Saturday, May 12, 2012

Eat to ride or ride to eat?

Ditch the car to keep the pounds off is the headline of a letter to the editor in Saturday's Post by Margaret Wohler. She uses her bike for transportation and doesn't worry too much about what she eats.
I appreciated the information given in Kathleen Parker’s May 9 op-ed column, “Eating our way into a disaster.” It did, however, only consider one side to the thinness issue by discussing caloric input of high-glycemic food. I’m a 49-year-old woman, 5-foot-6 and 113 pounds. I eat and drink whatever I want, taking in more than 2,000 calories a day. I’m able to maintain my low body weight because I gave up driving two years ago in disgust over the BP oil spill disaster.

I ride my bike for all of my personal transportation, typically cycling 150 miles a week. The mileage I previously covered in a heavy, gas-powered car is now provided by my leg muscles; I burn a lot of food.

While most people are filling up their gas tank, I’m filling up my plate, including lots of bread and potatoes. Americans indeed eat too much food and eat too thoughtlessly. Yet, if they would get out of their cars, and walk or cycle instead, they wouldn’t be so fat.

Margaret Wohler, Alexandria
The letter reminded me of a day last week when I had a craving for a pecan sticky bun. It must have contained 1,000 calories but I knew I was riding into DC and back the next day.  The bun was my breakfast, then for lunch I ate a fry bread grill cheese, an apple tart, and some fruit at the National Museum of the American Indian cafeteria.  Oh and I had some of Kerie's bread pudding.
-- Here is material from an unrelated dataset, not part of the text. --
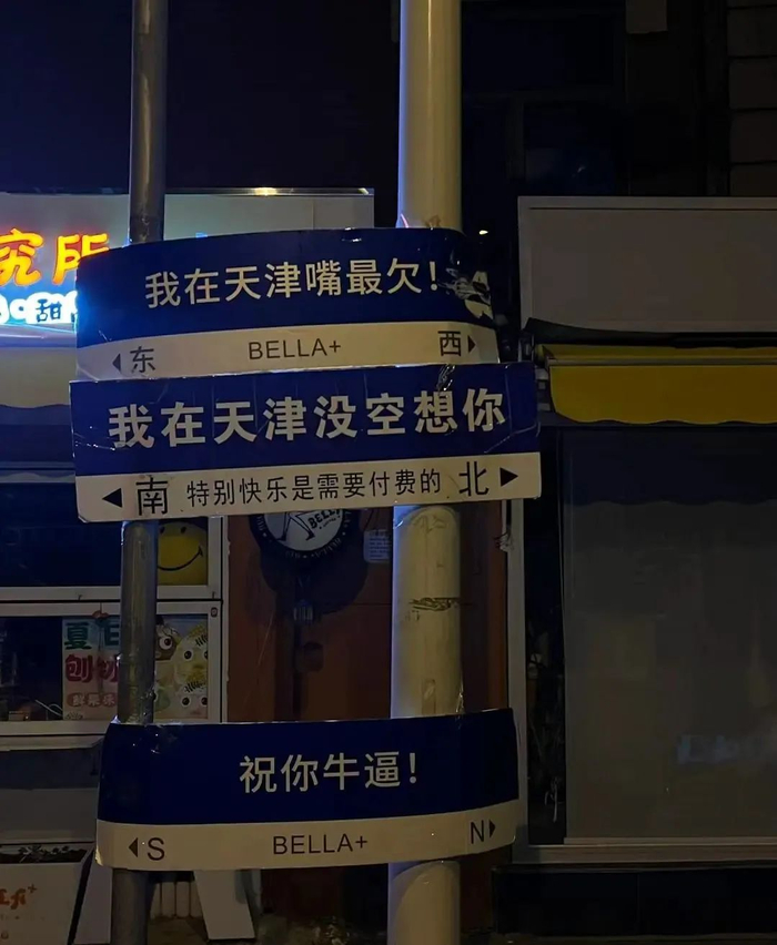 不知道从什么时候起,你身边熟悉的“网红店”、景区都竖着一块相同句式、相似边框,蓝底白字的路牌。新奇又浪漫的风格,让它一出世就吸引众人目光。

Granted I overdid it a bit that day. However, most people who bike often, riding on some days much longer than on others, learn to listen to their bodies and to regulate their calorie intake accordingly. When expecting to burn more calories we can splurge a little and eat some normally forbidden foods.

I often recall an overweight friend who said "It's very simple, burn more calories than you take in and you'll lose weight." While it's not quite that simple, when discussing the obesity epidemic we need to remember that the problem involves much more than just nutrition.

In case you're wondering, I'm 5'9" and weigh around 145 pounds.